The inauguration of the new Parliament building with the Sengol placed inside it by scripting a false narrative that it represented transfer power amounts to its consecration by falsehood. While the President of India and Vice-President have been excluded from its inauguration, now it is conclusively proved that even truth has been banished in the context of the Sengol, the presentation of which to Nehru was objected to by the founder of the DMK, Annadurai. In a August 24, 1947 article in Tamil, he had cautioned the new government of independent India, and especially Nehru, about the motives behind, and the socio-political implications of, the ‘gift’ of the Sengol, which he characterised as a self-serving appeal for protection by the exploiters of the people.

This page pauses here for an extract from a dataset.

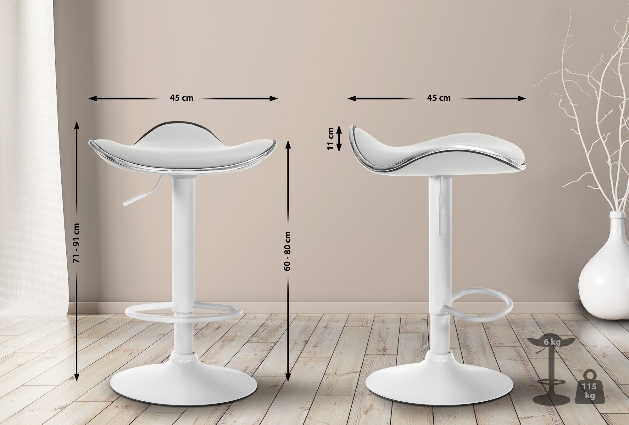 Le tabouret de bar se distingue par ses lignes élégantes et courbées. Il est l'un de nos tabourets de bar les plus prisés. Grâce au vérin à gaz, ce siège s'adapte aux comptoirs de toutes hauteurs. Le repose-pieds permet vous permettra une assise confortable, même durant de longues périodes d'utilisation. Le siège est, quant à lui, pivotant à 360°. L'assise ergonomique s'adapte au corps et permet de garder une position correcte. La surface en similicuir est facile en entretenir. Cette chaise haute de bar est idéale pour les expositions, restaurants et bars ou en usage privé dans une cuisine ou coin bar d'un salon. Le piètement de ce modèle est en métal chromé et son siège en similicuir très résistant. Le pied possède un patin de protection qui protège votre sol des rayures.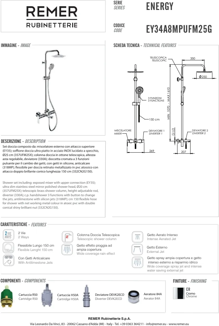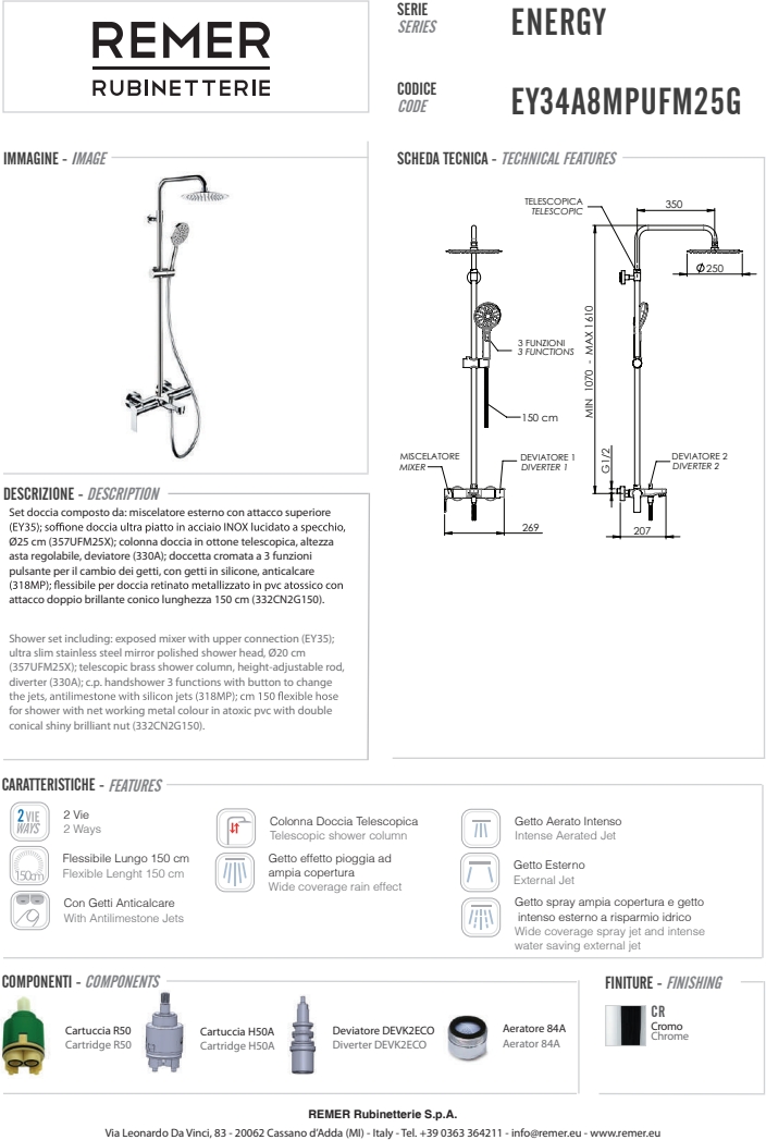 _Code EY34A8MPUFM20G with Ø20 cm shower head(357UFM20X)_Code EY34A8MPUFM30G with Ø30 cm shower head (357UFM30X)

Placement of Sengol in parliament part of majoritarian agenda

The inauguration of the Parliament building by Modi was dominated by rituals and the recitation of mantras deeply associated with Hindu religious practices. Modi marching with monks of several Saivaite monasteries from Tamil Nadu to place the Sengol near the Speaker’s seat. All such activities unmistakably demonstrated the predominance of majoritarianism and the attendant politics flowing from it, even as a all-faith prayer meeting was conducted on the occasion.

It reminded me of the lamentations of Dr B.R. Ambedkar, who had said almost a hundred years back in 1928 that “Politics in India is nothing but theology in action.” The prime minister prostrating at the feet of those monks and marching on the floor of the newly constructed Lok Sabha in the company of the monks reciting mantras clearly proved Ambedkar right. His prescription was that the progressive secularisation of society and politics is being negated with clear intent to further the process of majoritarianism and polarisation. The inauguration of Parliament on V.D. Savarkar’s birth anniversary and with unrestrained celebration of religious rituals associated with the Hindu faith is demonstrative of an accentuation of stirrings in favour of majoritarianism.

Alvin Toffler in his book Powershift: Knowledge, Wealth, and Violence at the Edge of the 21st Century observed: “…religious stirrings are part of the gathering attack on the secular assumptions that underpinned democracy in the industrial era and kept a healthy distance between church and state.”

Shockingly, India in now confronting a crisis caused by the religious stirrings at the behest of the leaders ruling India.

Gandhi’s vision of Parliament House

As early as November 3, 1917, M.K. Gandhi while speaking at the Gujarat Political Conference presciently talked about the future Parliament building of India and remarked, “The freedom to err and the power to correct errors is one definition of swaraj. Having a parliament means such swaraj.”

If the Modi regime exercised its freedom to err while inaugurating the new Parliament building, it has the power to rectify it. Its errors are obvious. These have to be rectified to restore the sanctity of the new Parliament building and consecrate it with secular and democratic values.

S.N. Sahu served as Officer on Special Duty to President of India K.R. Narayanan.